*Extracted information*

BEGIN

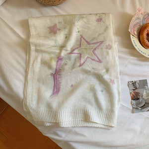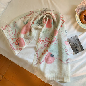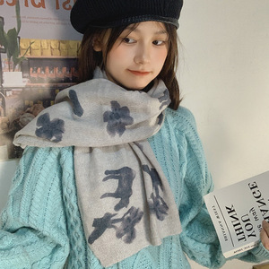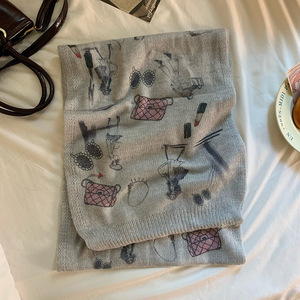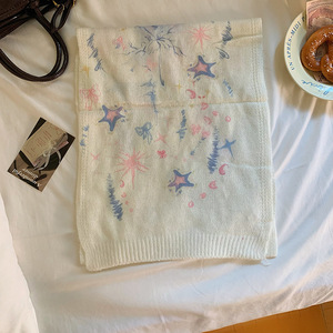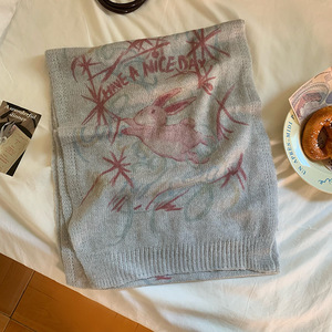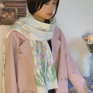 网红手绘插画原创水彩画马海毛混纺薄款印花围巾搭配围脖丝巾秋冬
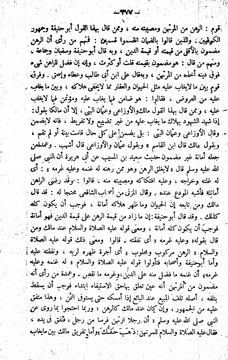 قوم الرهن من المرتهن ومصيبته منه وممن قال بهذا القول أبو حنيفة وجمهور الكوفيين.
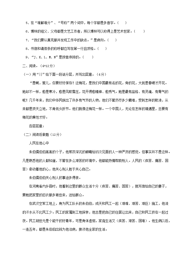 【文档名称】 2010年四川小升初语文考试真题(Word版).doc
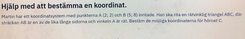 En annan ledtråd är att triangeln är likbent (fast det står inte uttryckligen att den är det).
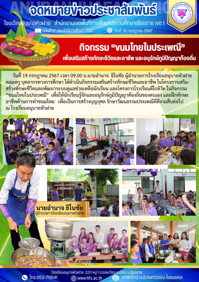 ฉบับที่ 17/2567 วันที่ 19 ก.ค.67 กิจกรรม "ขนมไทย ในประเพณี" เพื่อเสริมสร้างทักษะชีวิตและอาชีพ อนุรักษ์ภูมิปัญญาท้องถิ่น
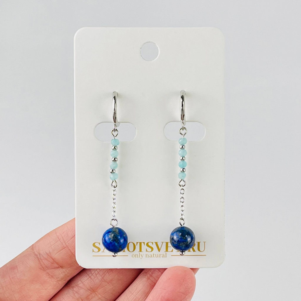 Серьги длинные из Лазурита и Амазонита
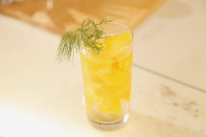 さっぱりとした甘さの「冷凍マンゴーサワー」(900円)。ディルのさわやかな香りも鼻をくすぐる
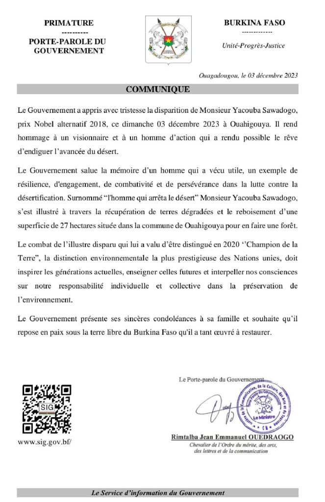 Dans le communiqué de presse ci-après, le Gouvernement burkinabè rend hommage à Yacouba Sawadogo, Prix nobel alternatif décédé ce 03 décembre 2023.

END

*Work request*
Leave the pictures out and write out every entry exactly as given.

*Answer to the problem*
 网红手绘插画原创水彩画马海毛混纺薄款印花围巾搭配围脖丝巾秋冬
 قوم الرهن من المرتهن ومصيبته منه وممن قال بهذا القول أبو حنيفة وجمهور الكوفيين.
 【文档名称】 2010年四川小升初语文考试真题(Word版).doc
 En annan ledtråd är att triangeln är likbent (fast det står inte uttryckligen att den är det).
 ฉบับที่ 17/2567 วันที่ 19 ก.ค.67 กิจกรรม "ขนมไทย ในประเพณี" เพื่อเสริมสร้างทักษะชีวิตและอาชีพ อนุรักษ์ภูมิปัญญาท้องถิ่น
 Серьги длинные из Лазурита и Амазонита
 さっぱりとした甘さの「冷凍マンゴーサワー」(900円)。ディルのさわやかな香りも鼻をくすぐる
 Dans le communiqué de presse ci-après, le Gouvernement burkinabè rend hommage à Yacouba Sawadogo, Prix nobel alternatif décédé ce 03 décembre 2023.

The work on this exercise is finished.